------ Data for review
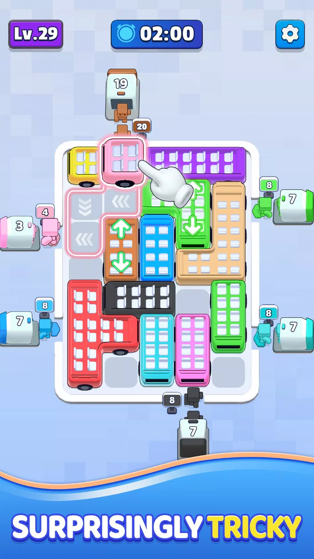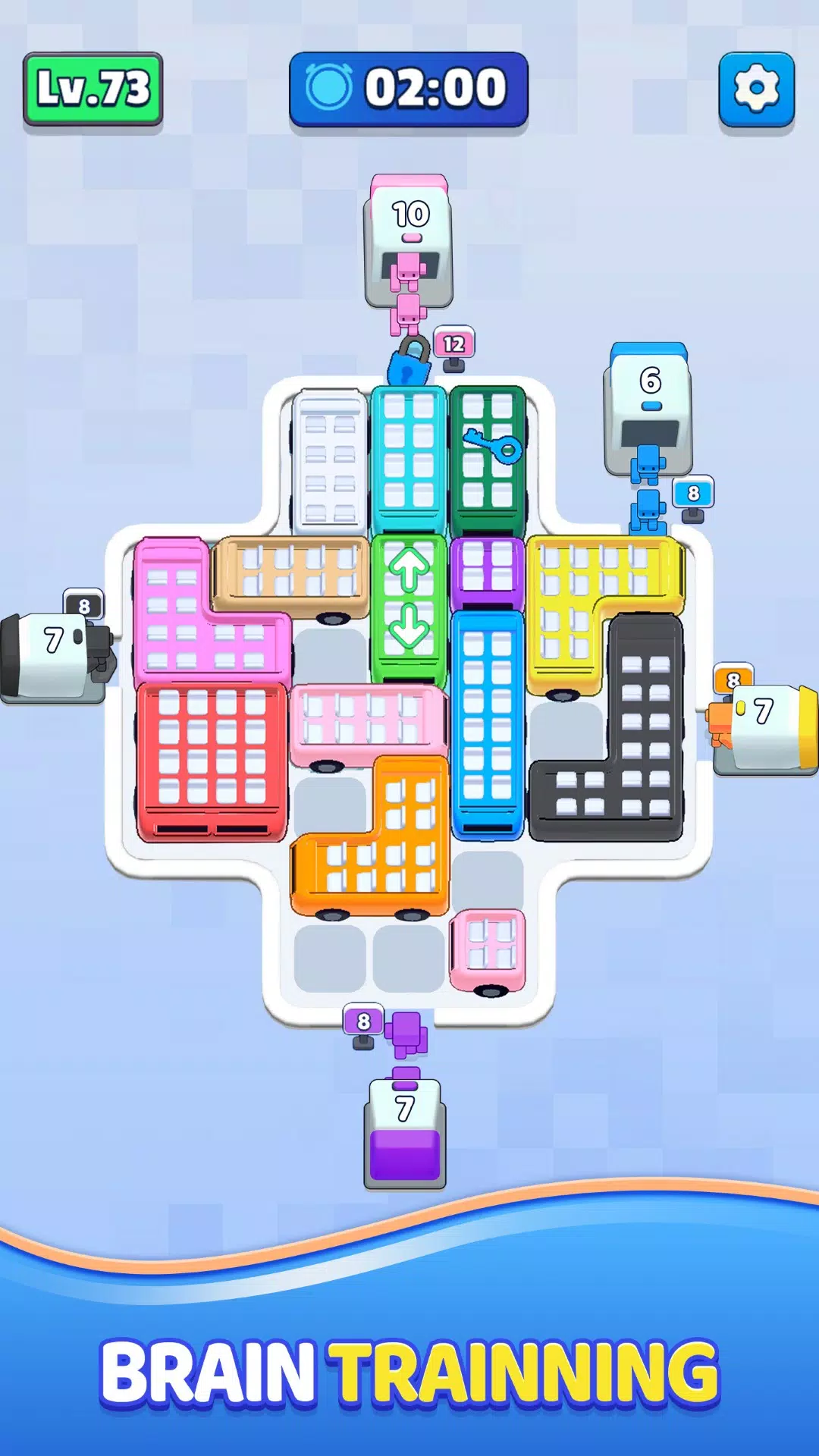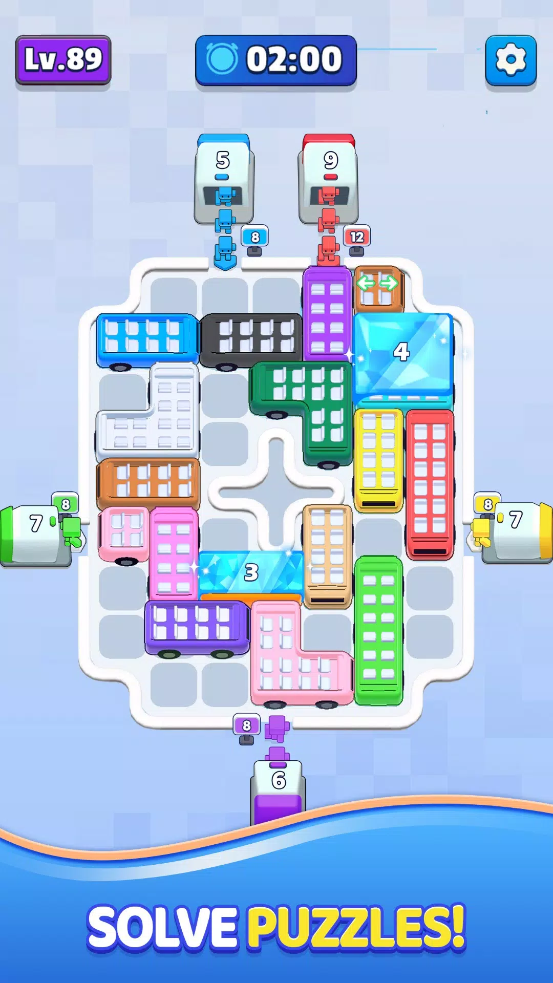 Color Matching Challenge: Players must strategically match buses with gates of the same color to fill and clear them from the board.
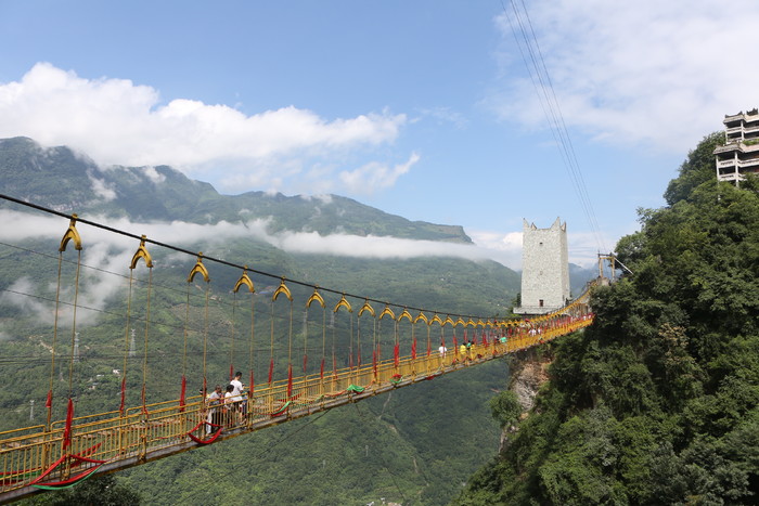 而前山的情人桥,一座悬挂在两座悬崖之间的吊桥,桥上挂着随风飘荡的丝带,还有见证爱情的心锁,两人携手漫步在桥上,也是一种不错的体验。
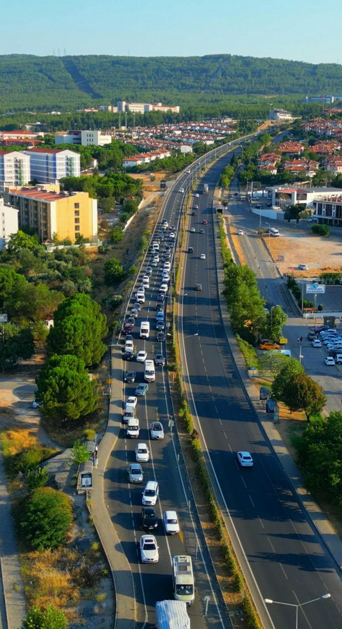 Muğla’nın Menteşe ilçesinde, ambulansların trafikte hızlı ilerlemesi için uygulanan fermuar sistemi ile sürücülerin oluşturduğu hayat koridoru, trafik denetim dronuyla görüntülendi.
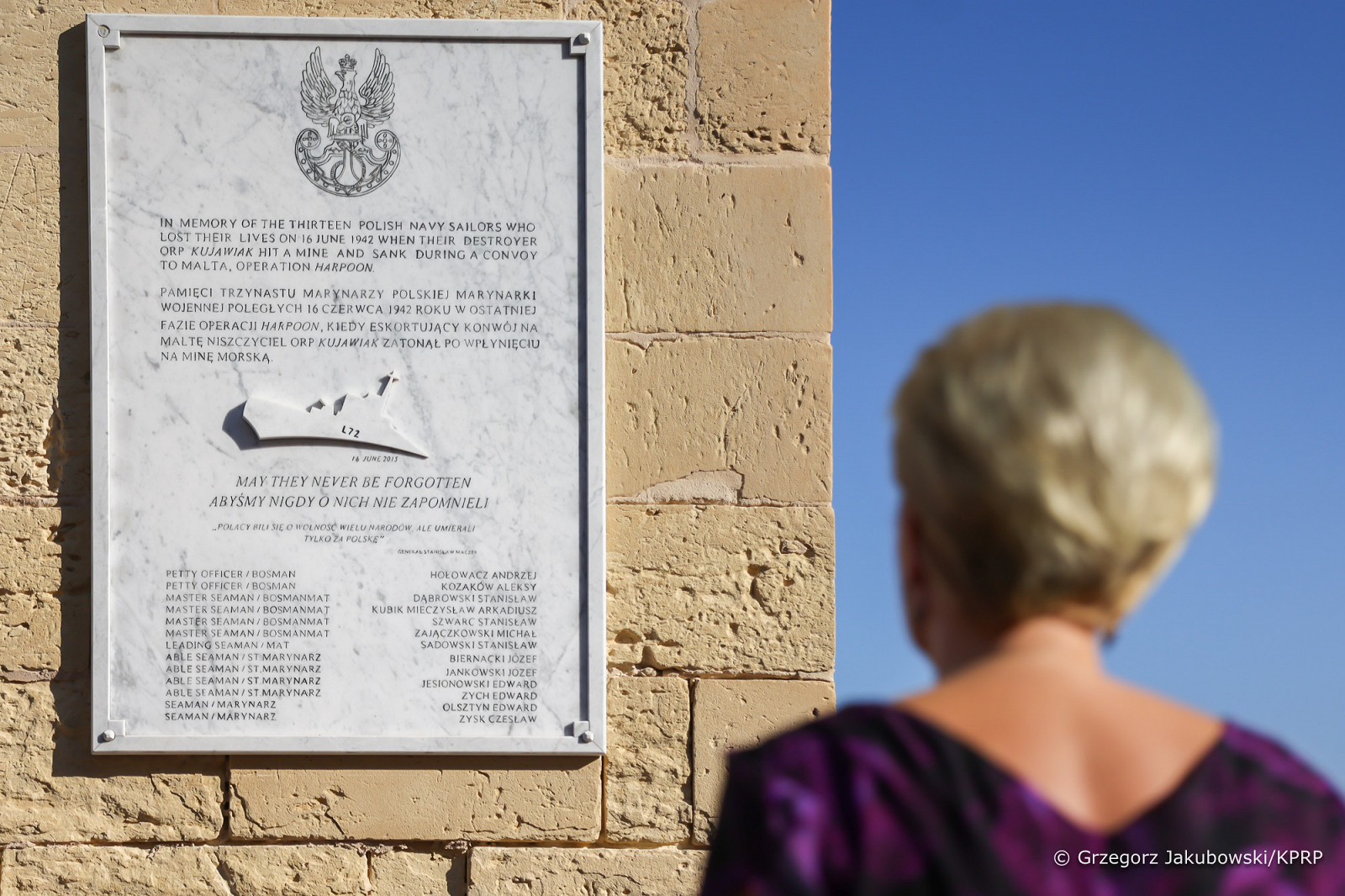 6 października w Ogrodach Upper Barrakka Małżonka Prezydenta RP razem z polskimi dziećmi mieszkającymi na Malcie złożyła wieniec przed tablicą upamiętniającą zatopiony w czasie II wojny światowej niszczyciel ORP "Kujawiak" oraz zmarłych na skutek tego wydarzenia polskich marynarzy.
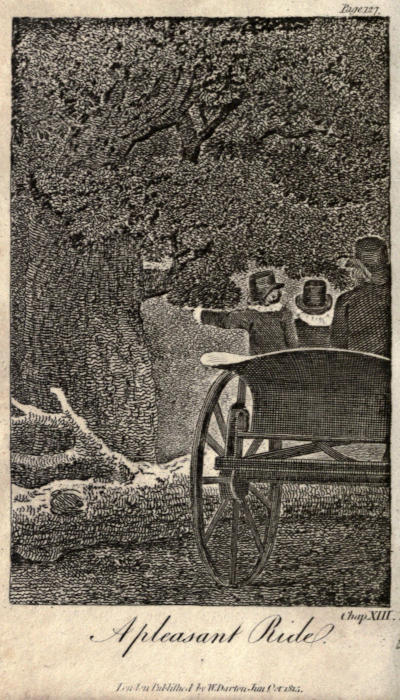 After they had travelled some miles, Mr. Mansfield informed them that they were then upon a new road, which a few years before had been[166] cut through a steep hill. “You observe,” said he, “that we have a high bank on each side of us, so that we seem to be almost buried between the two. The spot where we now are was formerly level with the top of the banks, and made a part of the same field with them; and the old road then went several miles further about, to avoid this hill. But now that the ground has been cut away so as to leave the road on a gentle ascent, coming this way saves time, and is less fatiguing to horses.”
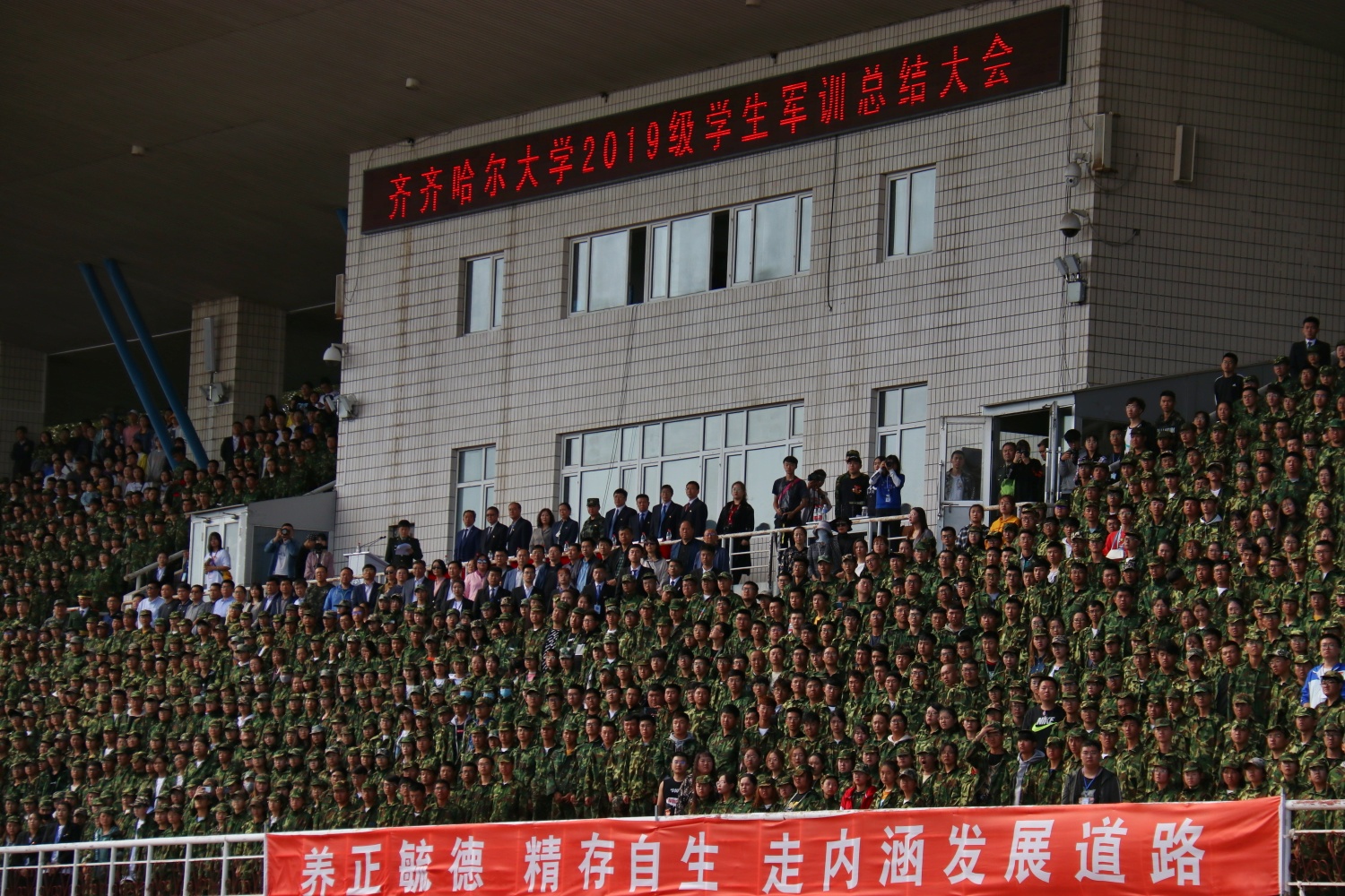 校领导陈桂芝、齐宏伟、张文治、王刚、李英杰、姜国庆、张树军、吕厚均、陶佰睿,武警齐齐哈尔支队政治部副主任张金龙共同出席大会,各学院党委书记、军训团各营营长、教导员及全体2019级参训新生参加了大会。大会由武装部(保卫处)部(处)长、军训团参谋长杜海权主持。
------------
An exact transcription is requested of each line from the one that holds "After they had" to the end of the listing above, both boundary lines included; pictures are to be omitted.

 After they had travelled some miles, Mr. Mansfield informed them that they were then upon a new road, which a few years before had been[166] cut through a steep hill. “You observe,” said he, “that we have a high bank on each side of us, so that we seem to be almost buried between the two. The spot where we now are was formerly level with the top of the banks, and made a part of the same field with them; and the old road then went several miles further about, to avoid this hill. But now that the ground has been cut away so as to leave the road on a gentle ascent, coming this way saves time, and is less fatiguing to horses.”
 校领导陈桂芝、齐宏伟、张文治、王刚、李英杰、姜国庆、张树军、吕厚均、陶佰睿,武警齐齐哈尔支队政治部副主任张金龙共同出席大会,各学院党委书记、军训团各营营长、教导员及全体2019级参训新生参加了大会。大会由武装部(保卫处)部(处)长、军训团参谋长杜海权主持。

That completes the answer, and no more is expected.